Many years ago, in my first apartment in Nashville, there was a mouse. This is not a heartwarming story of how a lonely girl made friends with this mouse. I don’t like them. So I bought a trap. A sticky trap. In my innocence, since the trap had seeds on it, I thought the seeds were poisonous and the mouse would quickly die. I learned my mistake the next morning when I found a still-living mouse on the trap. I disposed of the creature and went to work.
Still shaken by the experience, I told our department secretary about what happened. She was horrified and gave me a lecture: “Those sticky traps are inhumane. No person who likes animals would ever buy one.”
I felt like the village outcast, someone who should be shunned for my awful behavior.

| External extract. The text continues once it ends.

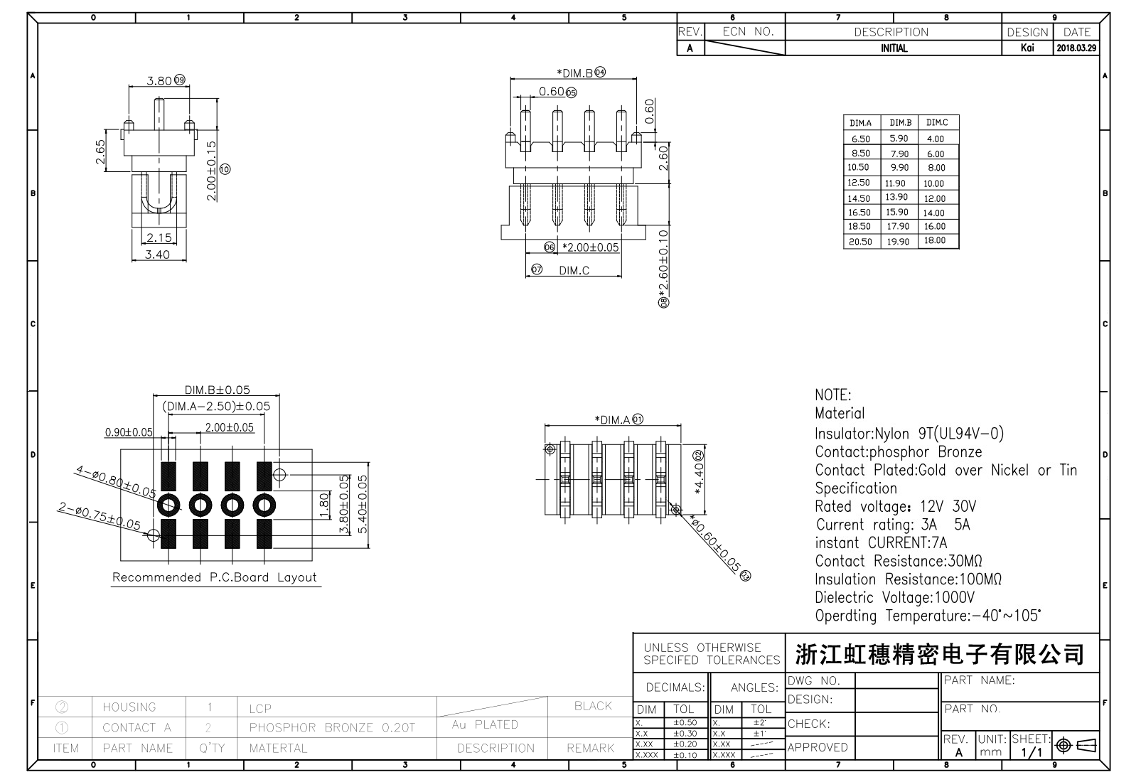 表面镀层:金在镍/锡之上,镀层厚度3U

I promised to never buy another sticky trap, and I haven’t.
But then, a few weeks later, at lunch, our secretary told us all a ‘funny’ story about what her cat did the night before. A mouse had ventured out from a closet, and the cat spent a good hour chasing it, tossing it, and batting it around before killing it.
I said nothing, but I couldn’t help thinking that, if given the choice, the mice in question would have found either manner of death equally horrifying.
It is often easy to attack others at times because we only see the behavior. It is easy to defend ourselves because we know our intentions and any or all extenuating circumstances.
But we need to look at the end result.